BRIEF -
Give the listing again exactly, omitting its images.

DATA SHOWN -
──────────────────────────────

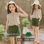 韓国子供服 セットアップ キッズ 女の子 ノースリーブ 春夏 2点セット 上下セット Tシャツ ドット柄 ショートパンツ ジュニア おしゃれ 可愛い カジュアル 新品
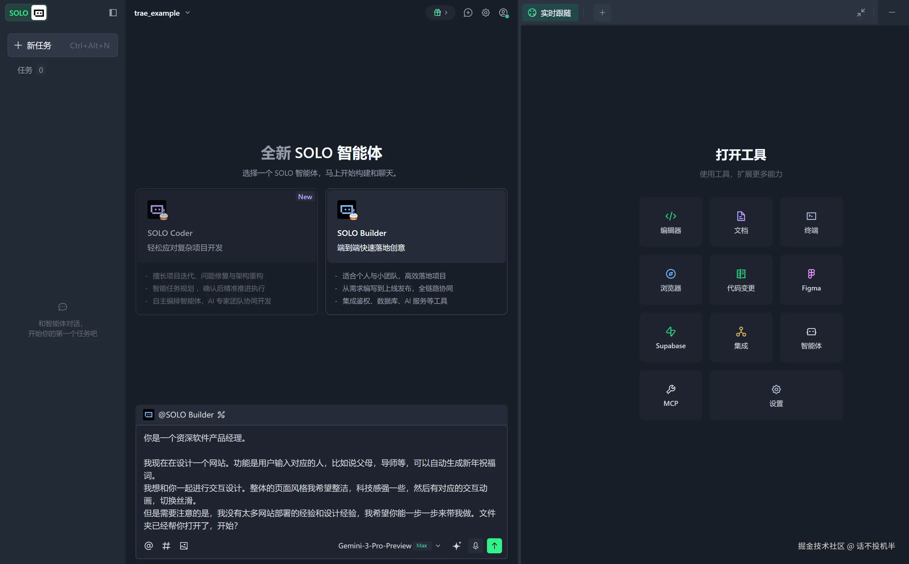 界面左侧为任务栏,更像是常见的大模型对话模式,可开启多个任务。智能体布局在中间,表明了其“ai主导”的决心。右上角的实时跟随可以透明化看到trae在编辑哪些文档。
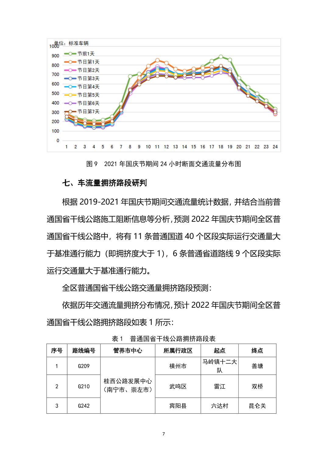 2022年国庆节广西普通国省干线公路交通流量研判分析报告
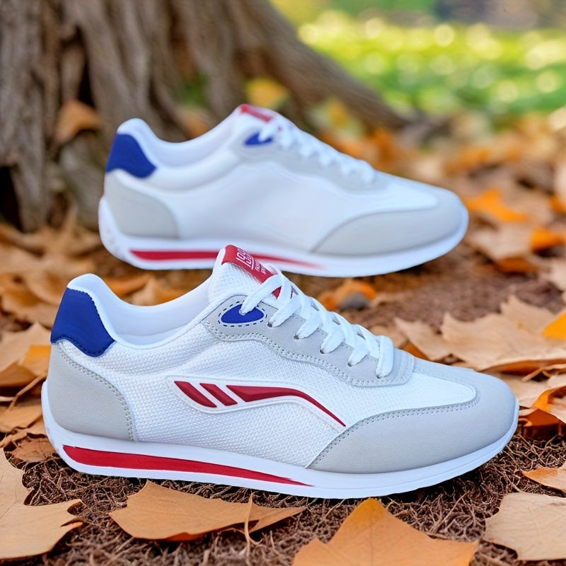 Men's White Lightweight Breathable Mesh Sneakers with Red & Blue Accents - Low-Top Lace-Up Running Shoes, Comfortable EVA Insole & Durable Rubber Sole for Casual, Gym, Jogging, Gym Footwear, Sleek Shoe Design, Fabric Construction, Casual Footwear, Sporty
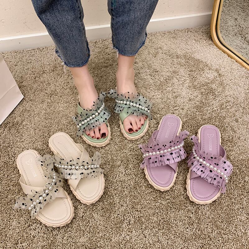 ミュールサマーパールメッシュクロスベルト サンダル 靴 シューズ 夏物 ハーネス 真珠 部族の婦人靴31243494687
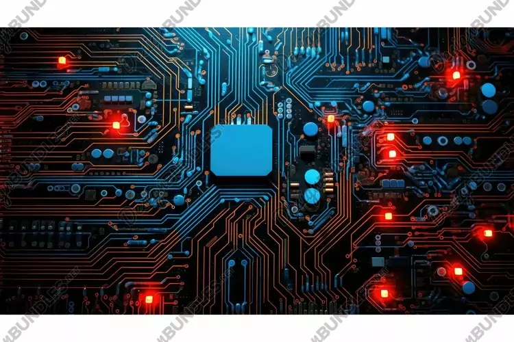 vibrant technology pattern abstract illustration colors arrangement, electronic components, visually striking vibrant technology pattern abstract
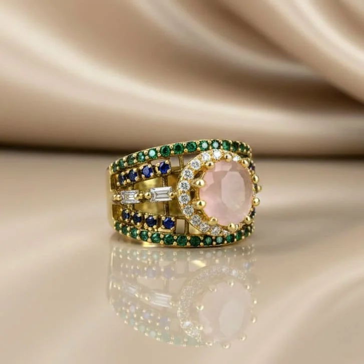 Several pink stones cover this striking ring, giving it a lively and endearing appearance.

──────────────────────────────

OUTPUT BELOW -
 韓国子供服 セットアップ キッズ 女の子 ノースリーブ 春夏 2点セット 上下セット Tシャツ ドット柄 ショートパンツ ジュニア おしゃれ 可愛い カジュアル 新品
 界面左侧为任务栏,更像是常见的大模型对话模式,可开启多个任务。智能体布局在中间,表明了其“ai主导”的决心。右上角的实时跟随可以透明化看到trae在编辑哪些文档。
 2022年国庆节广西普通国省干线公路交通流量研判分析报告
 Men's White Lightweight Breathable Mesh Sneakers with Red & Blue Accents - Low-Top Lace-Up Running Shoes, Comfortable EVA Insole & Durable Rubber Sole for Casual, Gym, Jogging, Gym Footwear, Sleek Shoe Design, Fabric Construction, Casual Footwear, Sporty
 ミュールサマーパールメッシュクロスベルト サンダル 靴 シューズ 夏物 ハーネス 真珠 部族の婦人靴31243494687
 vibrant technology pattern abstract illustration colors arrangement, electronic components, visually striking vibrant technology pattern abstract
 Several pink stones cover this striking ring, giving it a lively and endearing appearance.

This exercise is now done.